第727話 重版入荷待ちで九尾なのじゃ

 街の小さな本屋さん。

 なんてものはここ最近とんと見かけなくなった。

 大型ショッピングモールに出店している、そこそこ名前の通った大型書店。もっぱらそんな所で本は買う。


 寂しい時代になったものだと言ってしまえばそれだけだけれど、インターネットの普及に実際電子書籍やら小説投稿サイトやらなにやら、本のような情報資源の流通は難しい時代に突入している感がある。

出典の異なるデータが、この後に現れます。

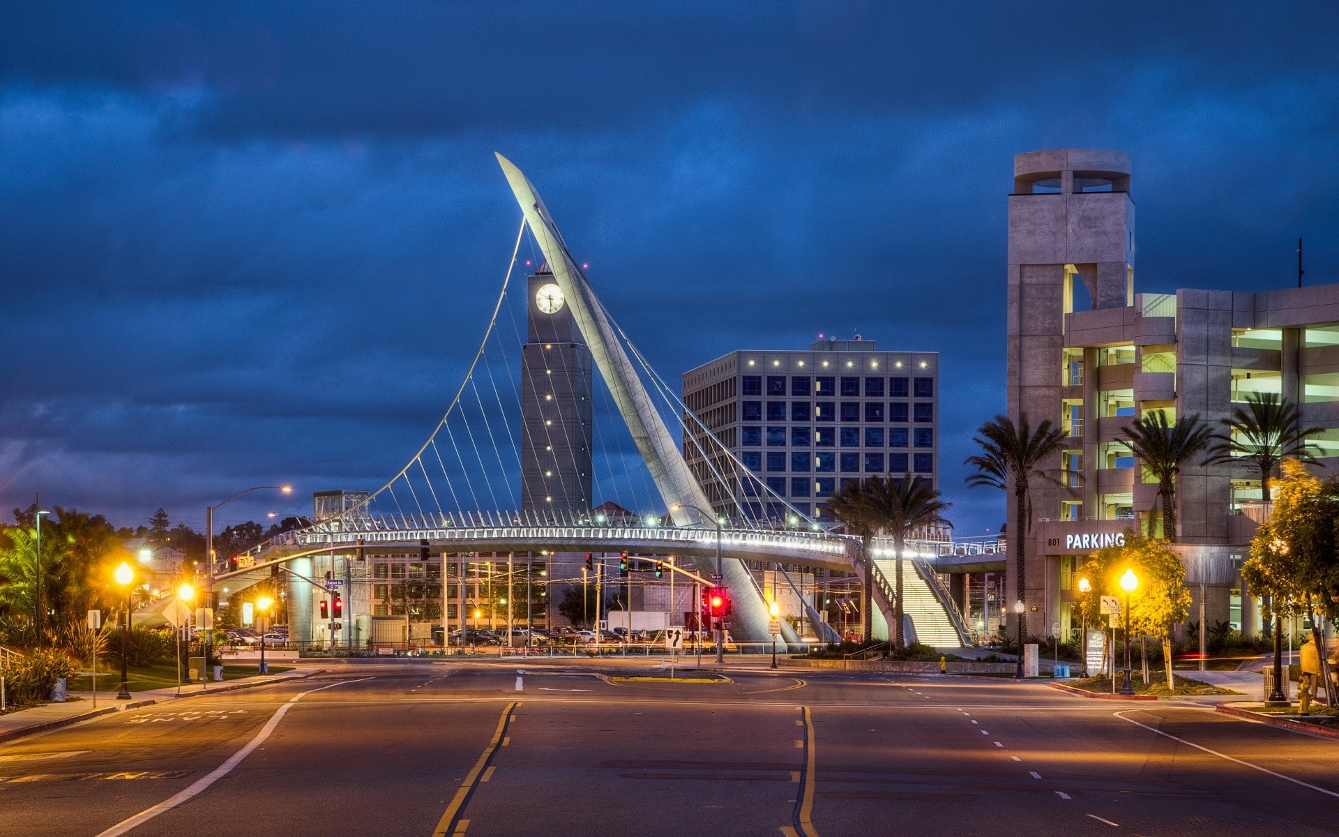 Al centro, il cielo notturno nella nebbia è delimitato da grattacieli nelle luci
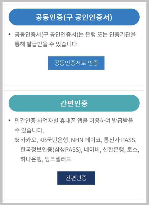 각각 신청방법이 조금씩 다르지만 큰 틀은

 取捨選択が日進月歩で行われ、なおかつ購買者の厳しい視線にさらされる世界で、生き残っていくというのはいかに難しいことか。


 それでなくても本は娯楽である。


「斜陽に向かう社会で、娯楽に使う費用が削られるのは当たり前の話よな」


「のじゃ。またそんな斜めな目線でものを言う。桜よ、そういうひねくれたところを直さないと駄目なのじゃよ」


 ダメじゃないです個性です。

 別にこの性格で難儀していることはあるが、それを直すことの方が難儀なのだからそのままで構わんだろう。なぁに、ブチギレの桜と同じく、シニカル桜くんもまた、よく同僚に言われた二つ名よ。


 今更気にすることなんかではない。


 それにまぁ、そんなことしなくても大切な人は身近に居てくれる訳だしな。


 とまぁそんなことを思いつつも、今日はちょいとばかりそんな相手のご機嫌うかがい。近所にあるショッピングモールの本屋さんで、加代の奴がバイトをし始めたというから、彼女の仕事ぶりを見に来た次第である。


 うむ。


「なんで本屋さんってさ、料理作ってるわけでもないのにエプロンするのかね」


「そんな根本的なことを問われても困るのじゃ」


「貧乳には酷な仕事よな」


「からかいに来たのか本買いに来たのかどっちなのじゃ!!」


 いやはやその両方でございますが何か。

 加代さんの仕事ぶりを確認しつつ、そういや最近買ってなかったなという本を買いに来た次第でございます。


 うむ、本当に貧乳には酷な仕事である。

 エプロンに谷間の一つもできやしないんだから。


 けどまぁ、それはそれでよし。


 写メ撮っていいかと確認すると、当店は撮影はお断りしておりますとやんわり断られる。そうですよねと意気消沈して俺はスマホを仕舞うのだった。


 とほほである。

 帰ったら服着て貰えないか頼んでみよう。


 汚さないから。


「それで、今日はいったい何を買いに来たのじゃ」


「あれあれ、あれだよあれ、鬼を滅する感じの話を買いに来たんだけれど」


「桃太郎なら児童書コーナーなのじゃ」


「バカ言っちゃいけねえよお前。日本一優しい鬼退治を求めてんのよこっちは」


 分かっているだろう加代さん。

 俺と一緒に熱烈本誌応援組のくせして。


 そう。


 久しく現物の本から遠ざかっていた俺だが、流石にあの作品を前にしてオタクの本能である蒐集癖に火がついた。これは現物も買いそろえて棚に飾らねばなるまいと思い立ち、現ナマ握りしめてやってきたという次第である。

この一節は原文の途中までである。